**To do:** From the listing below, reproduce word for word the part that opens with the line containing "美國華盛頓州塔科馬市林肯中學" and closes with the line containing "- [Tuning System]"; reproduce nothing else.

**Data for this exercise:**
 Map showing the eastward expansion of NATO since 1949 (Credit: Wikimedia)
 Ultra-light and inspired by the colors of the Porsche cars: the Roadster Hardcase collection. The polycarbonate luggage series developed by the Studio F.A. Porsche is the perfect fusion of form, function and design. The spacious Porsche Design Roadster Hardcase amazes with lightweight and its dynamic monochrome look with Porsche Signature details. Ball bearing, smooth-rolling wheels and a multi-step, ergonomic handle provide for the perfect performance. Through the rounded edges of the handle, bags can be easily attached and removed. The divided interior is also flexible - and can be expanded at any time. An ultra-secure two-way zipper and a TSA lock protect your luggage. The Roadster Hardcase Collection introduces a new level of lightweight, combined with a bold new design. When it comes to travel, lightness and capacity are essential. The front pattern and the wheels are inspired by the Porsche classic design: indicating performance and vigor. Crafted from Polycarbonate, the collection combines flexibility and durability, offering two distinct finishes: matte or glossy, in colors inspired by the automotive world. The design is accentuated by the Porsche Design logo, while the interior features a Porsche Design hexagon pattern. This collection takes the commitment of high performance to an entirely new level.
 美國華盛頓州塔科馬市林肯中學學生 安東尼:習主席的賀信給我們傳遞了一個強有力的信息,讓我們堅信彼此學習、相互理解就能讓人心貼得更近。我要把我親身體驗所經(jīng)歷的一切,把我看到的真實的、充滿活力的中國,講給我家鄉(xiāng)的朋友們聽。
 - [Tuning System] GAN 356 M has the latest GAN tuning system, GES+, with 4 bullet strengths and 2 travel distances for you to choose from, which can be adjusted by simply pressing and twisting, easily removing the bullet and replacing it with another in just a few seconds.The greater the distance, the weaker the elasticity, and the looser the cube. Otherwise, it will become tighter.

...

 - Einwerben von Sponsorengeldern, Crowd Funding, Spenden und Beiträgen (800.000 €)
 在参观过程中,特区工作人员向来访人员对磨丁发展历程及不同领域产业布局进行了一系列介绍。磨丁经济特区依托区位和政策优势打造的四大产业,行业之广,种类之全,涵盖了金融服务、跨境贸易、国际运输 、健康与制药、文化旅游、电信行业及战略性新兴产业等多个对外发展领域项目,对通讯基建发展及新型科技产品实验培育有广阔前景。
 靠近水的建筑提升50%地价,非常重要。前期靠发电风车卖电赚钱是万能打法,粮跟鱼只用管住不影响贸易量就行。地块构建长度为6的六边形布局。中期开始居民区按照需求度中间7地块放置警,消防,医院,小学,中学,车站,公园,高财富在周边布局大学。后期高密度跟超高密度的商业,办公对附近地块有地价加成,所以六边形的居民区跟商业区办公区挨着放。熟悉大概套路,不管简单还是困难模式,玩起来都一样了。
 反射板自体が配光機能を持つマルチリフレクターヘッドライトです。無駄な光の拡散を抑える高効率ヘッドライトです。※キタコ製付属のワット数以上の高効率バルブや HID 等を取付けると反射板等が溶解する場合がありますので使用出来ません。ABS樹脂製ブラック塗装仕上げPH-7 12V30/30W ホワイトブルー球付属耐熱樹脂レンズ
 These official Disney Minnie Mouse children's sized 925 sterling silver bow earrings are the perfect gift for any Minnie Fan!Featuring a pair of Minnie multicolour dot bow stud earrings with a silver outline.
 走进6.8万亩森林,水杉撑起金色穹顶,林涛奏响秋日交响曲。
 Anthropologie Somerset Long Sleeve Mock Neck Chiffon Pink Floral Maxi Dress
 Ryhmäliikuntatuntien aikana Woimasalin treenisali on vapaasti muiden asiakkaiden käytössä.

**Your solution:**
 美國華盛頓州塔科馬市林肯中學學生 安東尼:習主席的賀信給我們傳遞了一個強有力的信息,讓我們堅信彼此學習、相互理解就能讓人心貼得更近。我要把我親身體驗所經(jīng)歷的一切,把我看到的真實的、充滿活力的中國,講給我家鄉(xiāng)的朋友們聽。
 - [Tuning System] GAN 356 M has the latest GAN tuning system, GES+, with 4 bullet strengths and 2 travel distances for you to choose from, which can be adjusted by simply pressing and twisting, easily removing the bullet and replacing it with another in just a few seconds.The greater the distance, the weaker the elasticity, and the looser the cube. Otherwise, it will become tighter.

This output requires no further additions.